LocalStack provides a simulated AWS cloud environment encapsulated within a single Docker container. It allows you to deploy a wide range of AWS services, including managed services, within the LocalStack container. Once your application is deployed, you can simulate various failure scenarios by injecting faults at the service or service operation level within a specific AWS region. By injecting these faults, you can then execute a variety of chaos test scenarios to assess the resilience of your application under stress.

We’ve developed an elegant project template designed to streamline the onboarding process for applications utilizing AWS-managed services like API Gateway, Lambda, SQS, etc., in a LocalStack environment. This template boasts several key advantages: it is non-intrusive, highly customizable, and effortlessly adaptable. It seamlessly integrates with multiple GitHub repositories, ensuring a smooth workflow. It also employs a unified set of configurations for executing chaos tests locally and within the Jenkins pipeline.

name: hello
projects:
  - name: hello-api
    repo: my-team/hello-api
    branch: main
    docker-image: mycompany.com/nodejs-18:nodejs-18-chaos_4
    docker-args:
    steps:
      - name: Prep the environment
        command: /app/scripts/$REPO_NAME/prep-env.sh us-west-2
      - name: Create the base infra
        command: sh /app/scripts/setup-base-infra.sh us-west-2 us-east-1
      - name: Replace local.tfvars files for common folder
        command: rsync -av ./scripts/$REPO_NAME/services/common/ ./projects/$REPO_NAME/services/common/
      - name: Replace local.tfvars files for data environment folder

Figure 4. A sample chaos configuration

Once the chaos tests are executed, comprehensive reports are generated from the test results. These reports are then conveniently uploaded to an S3 bucket for future reference. To further enhance the monitoring capabilities, we have also incorporated connectivity with LightStep and Dynatrace, enabling the collection of valuable metrics to assess the performance and stability of the application.

Chaos Testing Report

Figure 5. A sample chaos testing report

In the real world, AWS services often exhibit signs of deteriorating health before experiencing complete disruption. Rather than abruptly failing, these services may intermittently exhibit performance issues. For instance, out of ten calls made to a Lambda function, only three may fail while the remaining seven succeed. LocalStack emulates this intermittent behavior by allowing us to specify the percentage of calls that should fail during fault injection.
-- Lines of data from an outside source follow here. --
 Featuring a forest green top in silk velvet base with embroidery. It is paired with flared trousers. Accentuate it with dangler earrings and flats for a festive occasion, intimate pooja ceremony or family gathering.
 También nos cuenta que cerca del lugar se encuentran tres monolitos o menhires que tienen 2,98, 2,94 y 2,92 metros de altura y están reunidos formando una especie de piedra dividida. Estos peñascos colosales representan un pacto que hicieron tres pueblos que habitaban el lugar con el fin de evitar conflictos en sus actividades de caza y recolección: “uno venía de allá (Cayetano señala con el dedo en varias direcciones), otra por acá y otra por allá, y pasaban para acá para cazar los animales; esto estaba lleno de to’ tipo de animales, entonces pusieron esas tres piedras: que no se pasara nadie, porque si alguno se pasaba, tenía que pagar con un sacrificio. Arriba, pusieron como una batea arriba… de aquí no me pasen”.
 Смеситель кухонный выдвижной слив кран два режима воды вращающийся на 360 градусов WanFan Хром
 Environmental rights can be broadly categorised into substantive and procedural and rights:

By simulating these intermittent failures, we can gain valuable insights into metric patterns. This knowledge can then be utilized to create alerts within a production environment. These alerts serve as early warning signs, notifying us of potential disruptions on the horizon. This information empowers us to take necessary actions, such as initiating a disaster recovery (DR) plan, to mitigate the impact of these disruptions.
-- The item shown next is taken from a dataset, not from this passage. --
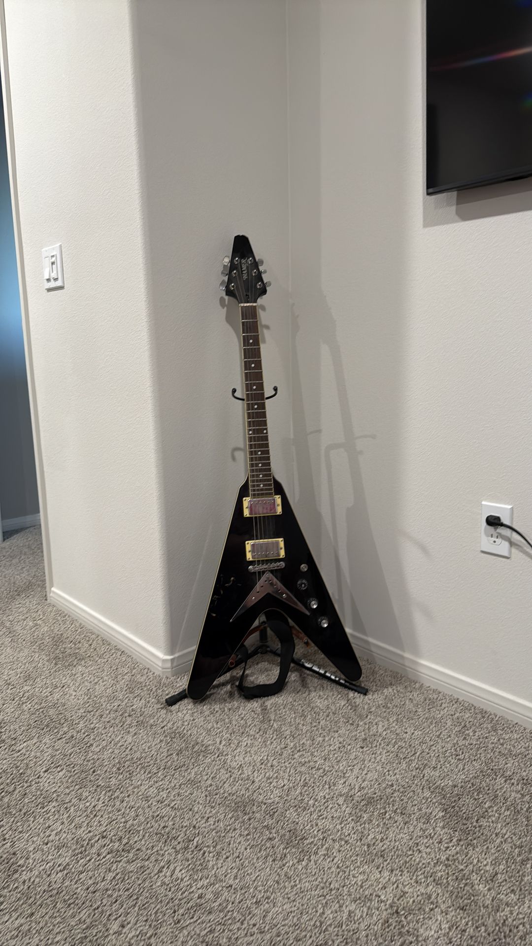 Flying V Electric Guitar With Stand

While LocalStack serves as a valuable tool for chaos testing, it is important to acknowledge that it may not be a one-size-fits-all solution for every scenario. Specifically, there are certain limitations when it comes to injecting faults at the service layer for AWS services like ECS, RDS, and EKS. In these cases, LocalStack can only disrupt the API layer, while the underlying services remain unaffected.
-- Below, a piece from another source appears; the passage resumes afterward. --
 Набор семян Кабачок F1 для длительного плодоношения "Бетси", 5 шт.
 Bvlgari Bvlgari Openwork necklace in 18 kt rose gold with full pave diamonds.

Another limitation we encountered is related to the integration of LocalStack with Splunk as a destination for Kinesis Splunk. This constraint restricts the seamless transmission of CloudWatch logs from the LocalStack container to the Splunk environment, posing a challenge in terms of log management and analysis. Additionally, we faced issues with the EventBridge pattern matching and input transformation features while utilizing LocalStack. These functionalities did not perform as expected, requiring further investigation and potential workarounds. It is important to be aware of these limitations and challenges when utilizing LocalStack for chaos testing, as they may impact the suitability of LocalStack for certain types of application architecture.

Chaos testing serves as a valuable tool to uncover the vulnerabilities in our applications. It acts as a canary in a coal mine, alerting us to potential weaknesses. However, it is up to us to take the necessary steps to address and strengthen those areas.